- Born: August 29, 1938 (age 88) Newark, New Jersey, U.S.

Academic background
- Education: Seton Hall University (BS) Hofstra University (MS) University of Michigan (PhD)

Academic work
- Institutions: Chicago State University Morris Brown College

= Dolores Cross =

American educator and university administrator convicted of embezzlement

Dolores Evelyn Cross (born August 29, 1938) is an American educator and university administrator convicted of embezzlement. Cross became the first African-American woman to serve as president of Chicago State University in 1990 and the first female president of Morris Brown College from 1998 to 2002. During Cross's tenure as president, Morris Brown College lost its accreditation in December 2002 amid severe debt, allegations of financial fraud and the absence of a viable financial recovery plan. Following the loss of accreditation, Morris Brown College students became ineligible for federal financial aid and enrollment fell sharply. In 2006, Cross pleaded guilty in federal court to one count of embezzlement in connection with the misapplication of federal funds provided to Morris Brown College.

== Early life ==
Dolores Cross was born in Newark, New Jersey, and grew up in public housing there. After receiving her Bachelor of Science in education from Seton Hall University in 1963, Cross obtained her Master of Science in education from Hofstra University and a Ph.D. in higher education from the University of Michigan in 1971. In 2001, Seton Hall awarded her an honorary Doctor of Humane Letters degree.

== Career ==
Cross is a former professor and university administrator who served as vice chancellor for student affairs at City University of New York and the president of the New York State Higher Education Services Corporation before becoming the first female president of Chicago State University in 1990. Cross left Chicago State in 1997 to become president of the GE Fund, General Electric's corporate foundation.

=== President of Morris Brown College ===
When Cross arrived at Morris Brown College, it was financially troubled. While she was president, Morris Brown College obtained $3.4 million in federally insured student loans and Pell Grants in the names of ineligible students, including some who never attended the college, some who were enrolled part time and others who had already left. The money was used to pay the school's operating costs.

Federal prosecutors said that Cross closely monitored enrollment and financial aid revenue because the funds were critical to the college's operating expenses. In 2001, after learning that approximately 600 registered students had not completed enrollment and that Morris Brown would otherwise have to return approximately $3 million in student loan funds, Cross directed employees to enroll them. After one employee refused, Cross directed another employee to do so. According to federal prosecutors, the names and financial information of hundreds of students, prospective students and parents were used to obtain loans they had not authorized and from which they received no benefit.

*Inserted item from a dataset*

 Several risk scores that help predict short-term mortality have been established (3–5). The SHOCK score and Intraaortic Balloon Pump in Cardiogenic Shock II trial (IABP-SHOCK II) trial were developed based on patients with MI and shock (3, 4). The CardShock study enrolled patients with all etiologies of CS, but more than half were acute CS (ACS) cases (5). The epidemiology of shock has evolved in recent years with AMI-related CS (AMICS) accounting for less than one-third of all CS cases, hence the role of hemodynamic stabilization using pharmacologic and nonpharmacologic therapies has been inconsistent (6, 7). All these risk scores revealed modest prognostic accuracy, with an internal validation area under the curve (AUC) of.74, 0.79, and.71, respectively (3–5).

In December 2002, the Southern Association of Colleges and Schools revoked Morris Brown's accreditation amid approximately $23 million in debt, allegations of financial fraud and the absence of a viable financial recovery plan. The loss of accreditation made students ineligible for federal financial aid. Enrollment, which had previously exceeded 2,700 students, fell to 72 by fall 2007.

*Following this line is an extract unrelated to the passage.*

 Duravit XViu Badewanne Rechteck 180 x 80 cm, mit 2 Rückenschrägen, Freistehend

=== Federal criminal case ===

In May 2006, Cross pleaded guilty to one count of embezzlement stemming from her time at the college. Federal prosecutors dismissed 27 other charges against her in exchange for her plea.

On January 3, 2007, Cross was sentenced to five years of probation and a year of home confinement for her role in fraudulently obtaining millions of dollars in federal student aid for the college. Her home confinement included six months of electronic monitoring, and she was ordered to complete 500 hours of community service, pay $13,942 in restitution and pay a $3,000 fine. Parvesh Singh, the college's former financial-aid director, was sentenced to five years of probation and 18 months of home confinement.

The sentence imposed by the judge was based on her age and her medical conditions. Cross had sleep apnea and had a series of transient ischemic attacks or small strokes, and the sentence was also mitigated by the fact that she did not profit personally from the crime.